January 16, 2020

January 16, 2020

Influenza Surveillance Update – Alicia Budd (CDC)

Alicia provided an update on influenza activity for Week 1, ending January 4, 2020. Flu activity remains high and widespread across the country. However, indicators of severity are not high.

Clinical labs reported 23% of submitted specimens were positive for influenza. This is a decrease from the 26% positive rate reported from the previous week. It is too early to know if this is a course correction from the holiday elevation resulting from healthcare seeking behavior changes. It also may be due to a decrease in influenza because schools were closed, offering less opportunity for close transmission. This also could be the result of decreased circulation of the B Victoria strain. CDC will continue to monitor these trends closely.

Public health labs reported widespread influenza with a mixture of strains among B Victoria (the most commonly reported), H1, and H3. However, in some parts of the country, B Victoria is beginning to wane. Strain differences continue to be seen among different age groups. For persons 0–24 years of age, B Victoria is predominant, while H1 is reported more frequently in persons 25 and older.

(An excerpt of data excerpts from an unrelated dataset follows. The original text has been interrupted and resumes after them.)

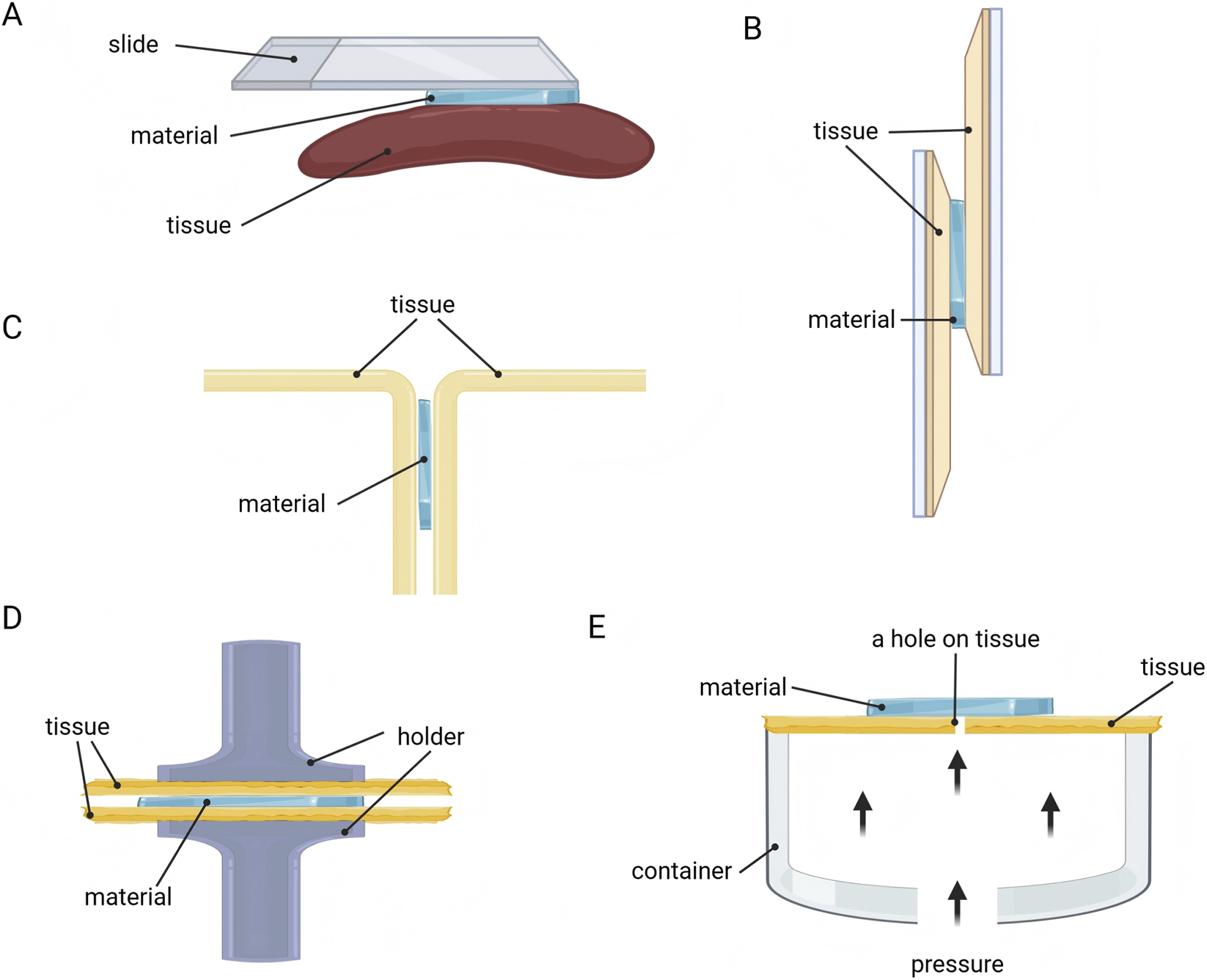 Methods for evaluating adhesion property of nerve repair materials. (A) Visual assessment. (B) Lap-shear test. (C) Peeling test. (D) Tensile test. (E) Bursting pressure test.
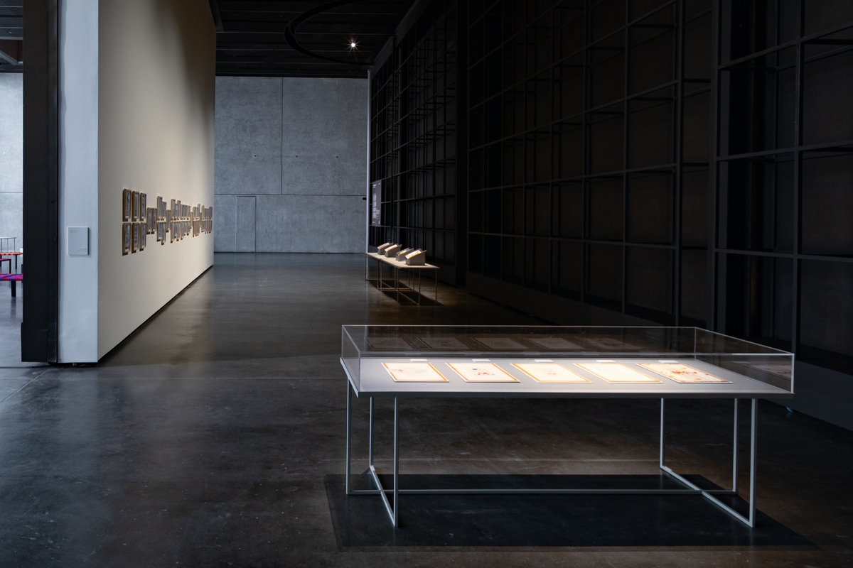 Imran’s iconic miniature paintings appear within vitrines, echoing the manner in which precious manuscripts are displayed. The gilded missile is a seductive yet lethal object, sometimes central, sometimes concealed, red and blue pigment seeping through the world as finely rendered foliage struggles to resist, resolutely contesting destruction with beauty. He layers in found book pages printed in Urdu, taken from popular literature with the sort of storytelling that may once have been illustrated by an artist.
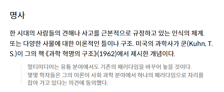 패러다임은 paradigm이라고 표기가 됩니다. 이 단어의 유래는 고대 그리스어에서 시작했습니다. 본래는 동사의 변화 패턴을 외우는 데 쓰는 범례로서 활용이 되다가 과학 혁명의 구조를 발표한 쿤에 의하여 관습법상의 판례에 준거해 판결을 내리는 것을 과학 활동과 비유하여 사용되기 시작을 하면서 현대적 의미가 되었습니다.
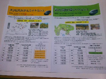 和紙の里内に、今回の実証運行のチラシが置いてありました。
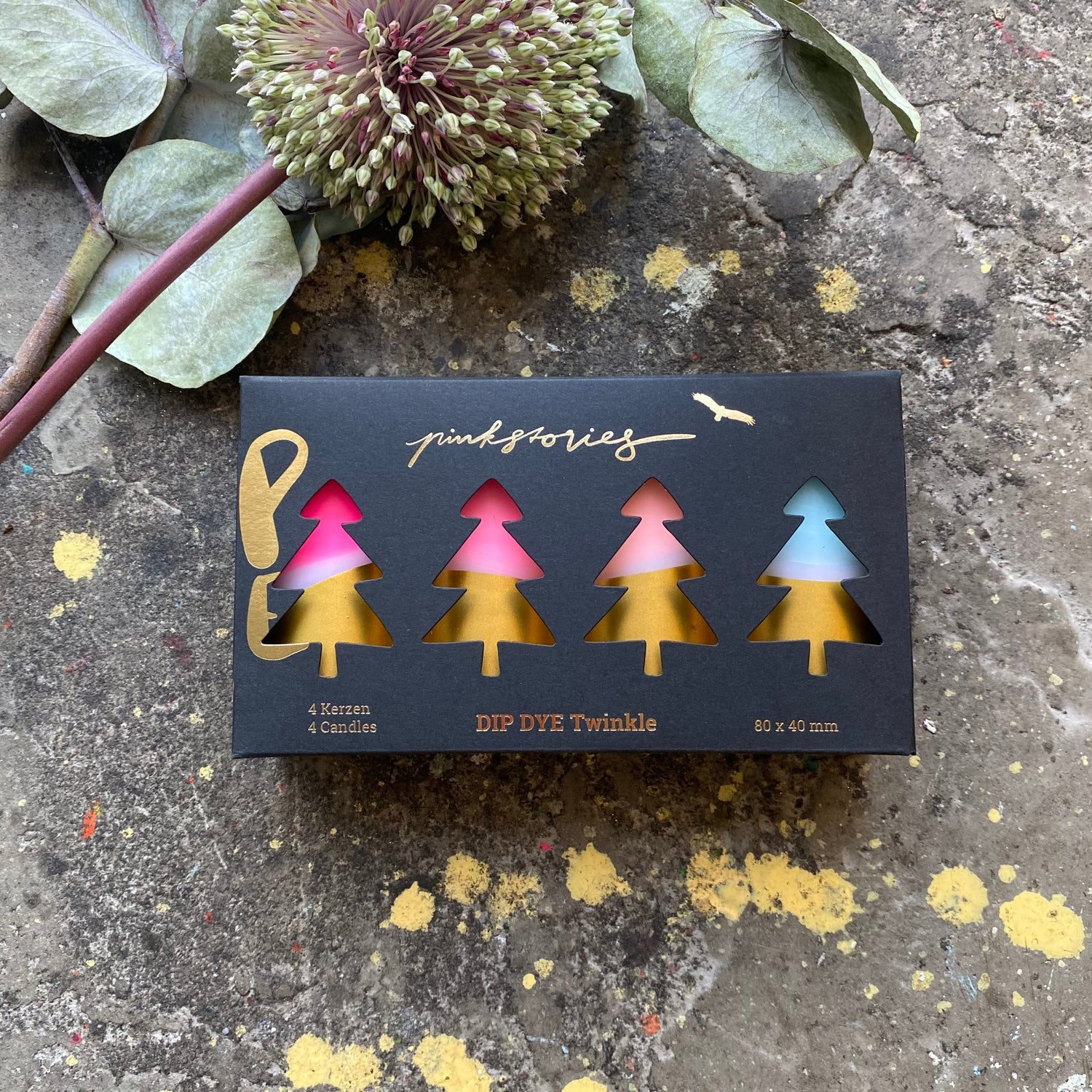 En raison du travail manuel, les motifs peuvent varier et les rendre uniques. Ensemble de quatre bougies en forme de colonne emballées dans une boîte de Noël de haute qualité avec gaufrage métallique.
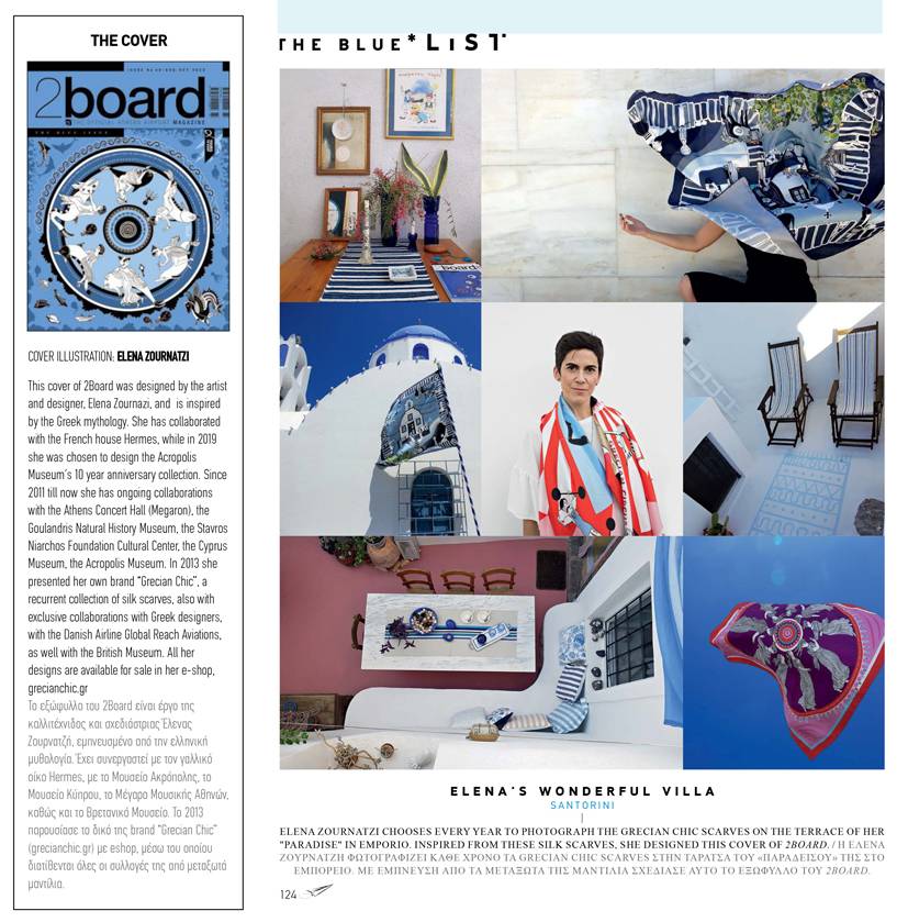 This cover of 2Board was designed by the artist and designer, Elena Zournazi, and is inspired by the Greek mythology. She has collaborated with the French house Hermes, while in 2019 she was chosen to design the Acropolis Museum ́s 10 year anniversary collection. Since 2011 till now she has ongoing collaborations with the Athens Concert Hall (Megaron), the Goulandris Natural History Museum, the Stavros Niarchos Foundation Cultural Center, the Cyprus Museum, the Acropolis Μuseum. In 2013 she presented her own brand “Grecian Chic”, a recurrent collection of silk scarves, also with exclusive collaborations with Greek designers, with the Danish Airline Global Reach Aviations, as well with the British Museum. All her designs are available for sale in her e-shop, grecianchic.gr
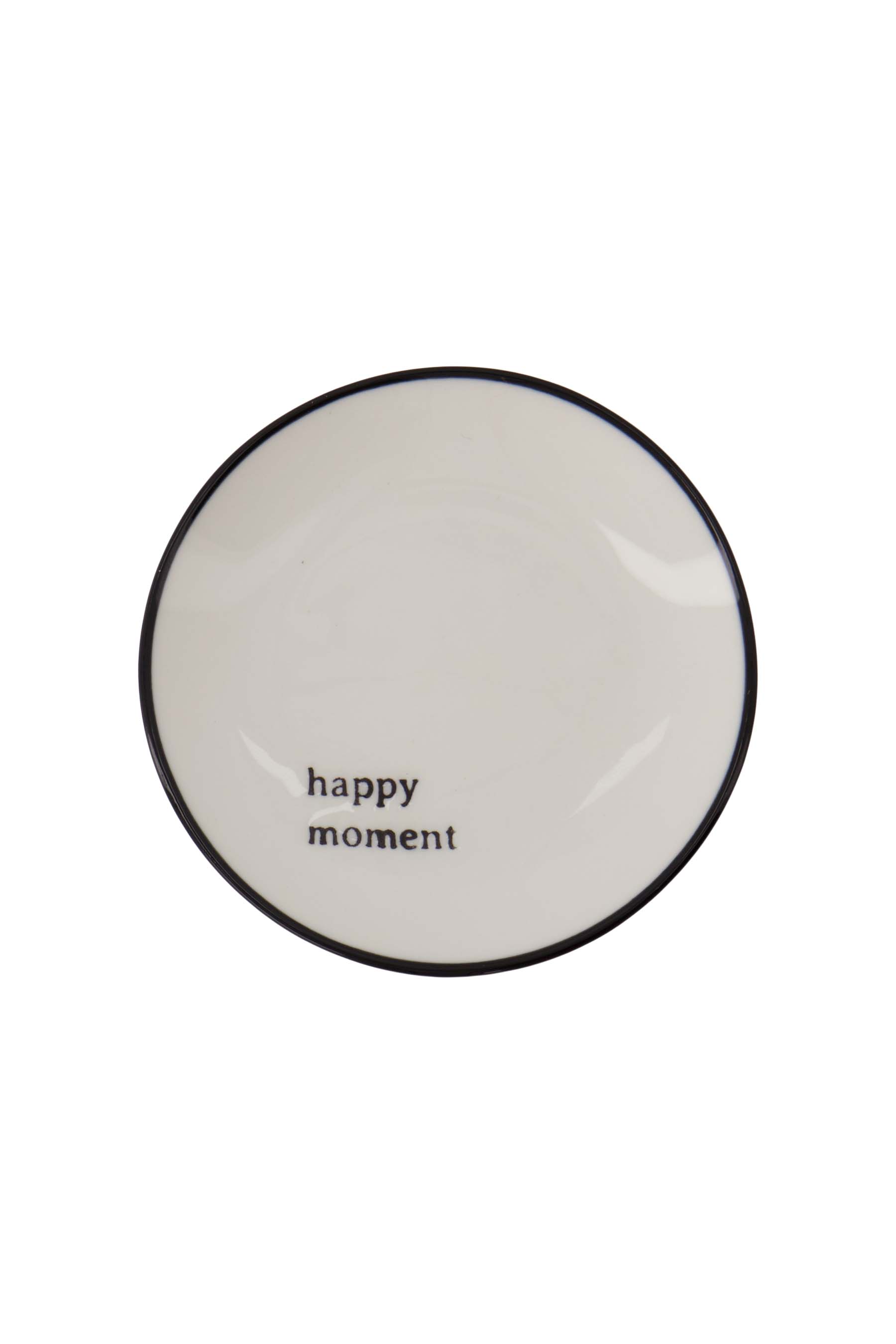 This Zusss ceramic cake plate is perfect for your happy moments. The cake plate, made of sturdy ceramic, has a nice size of ø16 cm. The white color with a subtle black rim and the text 'happy moment' makes every coffee break special. Enjoy your snack on this charming cake plate, which has been carefully designed for the best Zusss moments. Combine the cake plate with one of our glassware cutlery items.
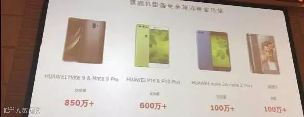 热门机型方面,Mate 9系列发货量超850万台,P10系列发货量超600万台,Nova 2系列发货量超100万台(上市不到一个月),荣耀9销量超过100万台。
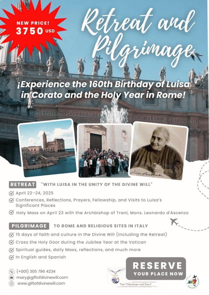 Blessings all. The upcoming pilgrimage to Italy for the Jubilee year and for Luisa’s 160th birthday has been shortened by 3 days and the price reduced by $800 USD.

Genetic characterization of influenza viruses continues to increase. Almost 900 specimens have been submitted for testing. H1 and B Victoria specimens continue to be the same clade as the vaccine reference virus. The majority (66%) of characterized H3 viruses belonged to the 3C.2a1 clade/subclade, which varies from the 3B.3a clade used in the vaccine. For B Victoria, 9% of specimens were double deletion viruses, while 91% were triple deletion viruses. Fifty-eight percent (58%) of B viruses were similar to the cell-grown reference virus. No changes in antiviral susceptibility have were seen during the week. Of the more than 800 viruses tested, 99% were susceptible to the antiviral medications oseltamivir, zanamivir, peramivir, and baloxavir. Only 1 H1 specimen was found to be resistant to oseltamivir and zanamivir, and 1 B Victoria specimen was resistant to zanamivir.

Outpatient influenza-like illness (ILI) activity decreased to 5.8%. However, this also may have been influenced by changes to healthcare seeking activity around the holidays. Despite that ILI is still well above national and regional baseline levels. State ILI activity also was high, with 34 states reporting high levels of influenza.

Although lots of influenza is circulating, severity indicators are not unusually high. Cumulative hospitalization rates are similar to other seasons, at 14.6 per 100,000 for the overall population. Highest rates are seen in age 65 and above (33.3 per 100,000), followed by the 0–4 year age group (26.8 per 100,000.) Fifty-five percent (55%) of hospitalizations are due to infection with influenza A. Rates of reported pneumonia and influenza (P&I) are still below threshold levels for the season.

Five (5) influenza-related pediatric deaths were reported during the week, bringing the 2019–2020 total for pediatric deaths to 32. Twenty-one (21) of these deaths were associated with B Victoria, and 11 were influenza A. All of the A infections were subtyped as H1.

Fifty (50) states reported widespread or regional influenza activity. In-season burden of influenza estimates are 9.7 million persons infected, 87,000 hospitalizations, and 4,800 deaths.

Alicia drew attention to 2 publications that were released last week. A health advisory was issued summarizing influenza activity seen this season and emphasizing the importance of early treatment with antivirals. The second publication was an early release MMWR which summarized the early season B Victoria seen in Louisiana. Activity began there in late July with significant increases in B Victoria triple deletion virus being seen. This is what we are now seeing nationwide.

At the conclusion of Alicia’s presentation, one participant asked if we are able to provide a simple answer that can be understood by the public about whether this year’s vaccine is proving effective against circulating strains. Alicia responded that this isn’t really possible at this time, as this is a complicated area. Genetic testing helps us understand the drift of currently circulating viruses compared to those in the vaccine, but vaccine effectiveness (VE) is impacted by more than genetic drift. For example, there can be cross protection or existing protection from prior influenza or influenza vaccine. In spite of recent media reports suggesting this year’s vaccine is not a good match to circulating strains, it is simply too early to tell. Preliminary VE estimates will be published sometime in February. These estimates are based on information collected from sites around the country that are specifically examining this question.

Other Items – L.J Tan
  • 2020 Summit Meeting – This year’s meeting will be held on May 18, the day prior to the opening of the National Immunization Conference. Information on registration and other pertinent details is available on the Summit website. Approaching deadlines of importance are: nominations are being accepted for the 2020 Immunization Excellence Awards through February 1, and the deadline for a poster submission is March 15.
  • Summit Call Schedule – L.J reminded partners that Summit calls are held each Thursday at 3 pm ET unless otherwise cancelled via an email announcement.